The Metropolis of Patras (Ιερά Μητρόπολις Πατρών) is a metropolitan see of the Church of Greece in the city of Patras in Achaea, Greece. The see traces its origins to its patron saint, Saint Andrew, in the 1st century. Historically, it has been one of the two pre-eminent sees of the Peloponnese along with the See of Corinth. The see has been part of the Greek Orthodox Church (the Patriarchate of Constantinople until 1833, the Church of Greece since then), except for the period where the city was part of the Principality of Achaea and a Latin see was installed.

==History==
The see of Patras was founded, according to tradition, by Saint Andrew, who was crucified there. His relics are still kept in the metropolitan cathedral of Saint Andrew of Patras.

Until 733, Patras was subordinated to the See of Corinth, and under the jurisdiction of the Patriarchate of Rome. In that year, Emperor Leo III the Isaurian transferred all the sees of the Illyricum to the Patriarchate of Constantinople.

Patras was later raised to an archbishopric, which it remained until 806, when it became a metropolitan see. It had four suffragans; then five about 940; after 1453 it had only two, which successively disappeared.

A celebrated stylite lived there in the tenth century, to whom St. Luke the Younger went to be trained.

From 1180 until 1833, the see was officially termed "Metropolis of Old Patras" (Μητρόπολις Παλαιών Πατρών), to distinguish it from "New Patras", modern Ypati. Among the most prominent metropolitans of this period were the future Ecumenical Patriarchs of Constantinople Timothy II and Gabriel IV, as well as Germanos III, who played an important role in the Greek War of Independence.

==Latin see==

In 1205, William of Champlitte took possession of the city of Patras and installed canons; they in turn elected Antelm of Cluny as archbishop. It had five suffragans, Andravida, Amyclæ, Modon, Coron, and Cephalonia-Zante; even when Modon and Coron belonged to the Venetians they continued to depend on Patras.
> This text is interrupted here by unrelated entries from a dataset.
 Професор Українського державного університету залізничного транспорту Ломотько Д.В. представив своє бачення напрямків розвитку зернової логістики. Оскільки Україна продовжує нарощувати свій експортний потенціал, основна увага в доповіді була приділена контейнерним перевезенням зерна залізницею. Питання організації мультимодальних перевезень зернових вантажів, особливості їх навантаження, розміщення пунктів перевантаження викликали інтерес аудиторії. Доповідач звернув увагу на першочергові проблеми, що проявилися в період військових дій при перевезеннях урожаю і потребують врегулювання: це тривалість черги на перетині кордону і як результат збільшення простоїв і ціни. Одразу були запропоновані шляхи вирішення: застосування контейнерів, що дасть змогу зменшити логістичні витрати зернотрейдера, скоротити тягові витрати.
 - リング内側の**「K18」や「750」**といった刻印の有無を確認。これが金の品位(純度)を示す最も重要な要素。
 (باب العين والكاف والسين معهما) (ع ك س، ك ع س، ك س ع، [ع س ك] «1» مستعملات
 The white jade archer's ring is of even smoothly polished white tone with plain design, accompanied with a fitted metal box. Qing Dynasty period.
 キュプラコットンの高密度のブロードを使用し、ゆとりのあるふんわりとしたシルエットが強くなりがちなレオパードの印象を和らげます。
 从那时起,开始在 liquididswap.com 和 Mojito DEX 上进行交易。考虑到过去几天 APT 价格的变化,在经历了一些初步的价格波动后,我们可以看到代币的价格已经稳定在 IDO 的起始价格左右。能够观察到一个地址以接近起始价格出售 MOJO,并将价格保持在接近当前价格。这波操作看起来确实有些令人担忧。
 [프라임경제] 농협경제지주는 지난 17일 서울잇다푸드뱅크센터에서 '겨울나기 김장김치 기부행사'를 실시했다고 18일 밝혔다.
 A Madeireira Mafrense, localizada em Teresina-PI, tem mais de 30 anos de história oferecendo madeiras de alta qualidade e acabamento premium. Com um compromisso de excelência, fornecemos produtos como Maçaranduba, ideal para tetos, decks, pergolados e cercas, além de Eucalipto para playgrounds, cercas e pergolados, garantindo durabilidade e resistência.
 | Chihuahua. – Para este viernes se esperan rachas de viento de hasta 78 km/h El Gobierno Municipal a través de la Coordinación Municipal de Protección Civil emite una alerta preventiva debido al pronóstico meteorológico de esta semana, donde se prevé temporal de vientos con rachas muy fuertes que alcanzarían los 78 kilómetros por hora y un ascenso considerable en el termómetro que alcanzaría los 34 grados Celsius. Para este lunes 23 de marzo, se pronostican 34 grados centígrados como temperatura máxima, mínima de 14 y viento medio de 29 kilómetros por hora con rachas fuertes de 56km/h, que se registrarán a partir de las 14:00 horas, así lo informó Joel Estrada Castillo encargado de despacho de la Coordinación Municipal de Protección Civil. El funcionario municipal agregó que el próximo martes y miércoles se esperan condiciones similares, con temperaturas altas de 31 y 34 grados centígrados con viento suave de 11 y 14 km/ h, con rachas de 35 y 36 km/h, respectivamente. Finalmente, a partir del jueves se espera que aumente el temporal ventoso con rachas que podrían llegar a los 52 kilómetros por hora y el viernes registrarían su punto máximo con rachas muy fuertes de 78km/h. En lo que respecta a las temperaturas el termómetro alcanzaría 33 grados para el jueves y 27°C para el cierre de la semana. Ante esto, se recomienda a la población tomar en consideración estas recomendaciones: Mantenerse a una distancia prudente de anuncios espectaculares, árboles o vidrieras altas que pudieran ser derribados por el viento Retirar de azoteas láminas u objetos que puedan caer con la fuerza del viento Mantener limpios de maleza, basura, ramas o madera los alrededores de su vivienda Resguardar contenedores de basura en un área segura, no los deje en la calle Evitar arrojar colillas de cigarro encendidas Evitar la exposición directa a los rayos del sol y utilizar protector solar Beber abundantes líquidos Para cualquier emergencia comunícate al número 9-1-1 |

The ecclesiastical territory included the barony of Patras, subject to the Aleman family and a vassal to the principality of Achaea.

In 1276, the archbishops acquired control over the barony of Patras, which henceforth became practically independent from the rest of the Principality. The Latin archbishops held the barony 1408, when they sold it to Venice. In 1429 it again fell into the power of the Greeks of the Despotate of the Morea, who restored the Orthodox see. Patras was taken by the Ottoman Turks in 1460.

The list of its Latin archbishops has been compiled by Le Quien, Heinrich Gelzer, Jules Pargoire. When Patras ceased to have residential Latin bishops, Latin titular bishops continued to be appointed. This practice ceased after the Second Vatican Council and no further appointments to the titular see have been made since the death in 1971 of the last bishop to hold the title.

In 1640, the Jesuits established themselves at Patras, and in 1687 the Franciscans and Carmelites. In the nineteenth century the pope confided the administration of the Peloponnese to the Bishop of Zakynthos, in 1834 to the Bishop of Syros.